Recently as I was reading the scriptures I came again across
1 Nephi 2: 2-4, where it says: “And it came to pass that the Lord commanded my
father, even in a dream, that he should take his family and depart into the
wilderness. And it came to pass that he was obedient unto the word of the Lord,
wherefore he did as the Lord commanded him. And it came to pass that he
departed into the wilderness. And he left his house, and the land of his
inheritance, and his gold, and his silver, and his precious things, and took
nothing with him, save it were his family, and provisions, and tents, and
departed into the wilderness.”
This got me to thinking, what is it that I am holding on to
that keeps me from following the Lord as completely as I should? As I thought about it, another scripture came
to mind, where the king of the Lamanites was learning about the gospel. What he
said in his prayer is found in Alma 22:18: “O God, Aaron hath told me that
there is a God; and if there is a God, and if thou art God, wilt thou make
thyself known unto me, and I will give away all my sins to know thee, that I may
be raised from the dead, and be saved at the last day.”
Once again, the example set for me is willingness to give up
whatever sin or habit or thought pattern keeps me from truly knowing the Lord.

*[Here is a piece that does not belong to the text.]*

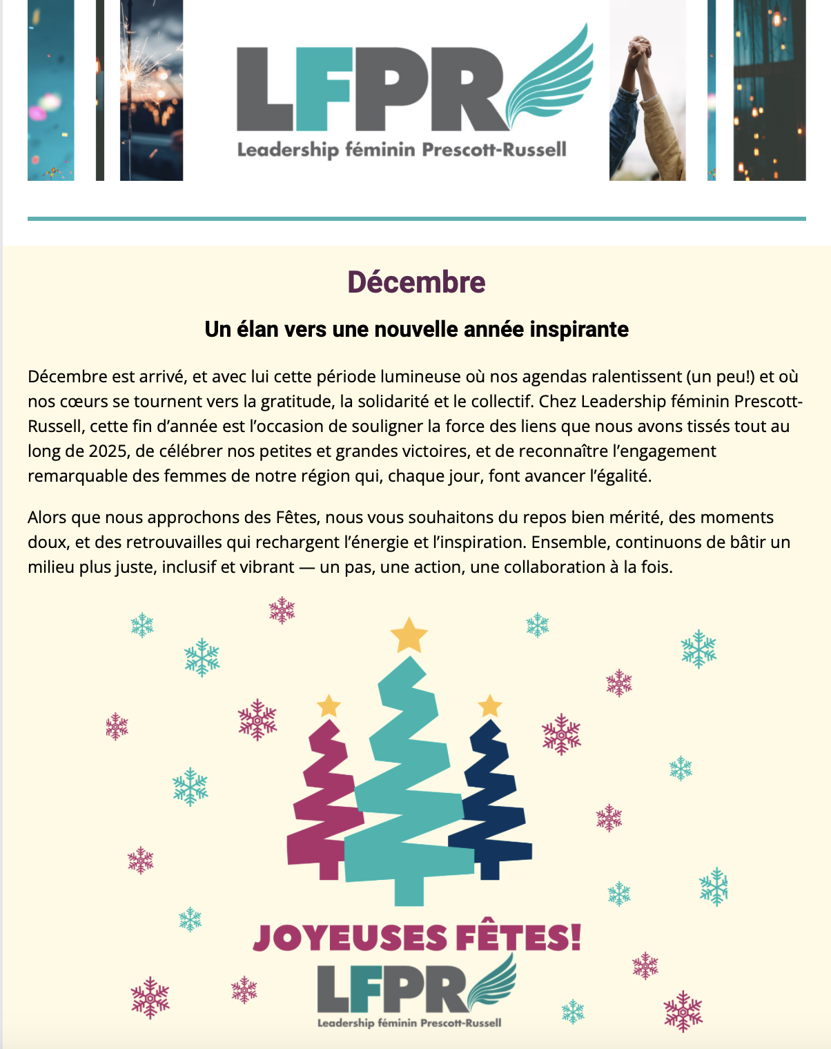 Restez connectés et informés! Abonnez-vous à notre infolettre pour recevoir directement les nouvelles, événements et initiatives de Leadership féminin Prescott-Russell. Découvrez aussi nos archives pour tout savoir.

I was reminded of the old original computer text adventure
game, known as “Adventure” or “Colossal Cave”. In this game there is a passageway called the “Tight
Spot”, which is so narrow that the player cannot go through unless he leaves
behind everything he has, including even his lamp. You have to be willing to
take the step of faith to leave everything behind and step into the darkness in
order to get past this obstacle in the game. The path is indeed “strait and
narrow”.
I’m now repeating myself, but the obvious question is this:
What am I holding on to that keeps me out of heaven? Am I willing to let go of
it? Do I realize that if I don’t let go, I can’t get there from here?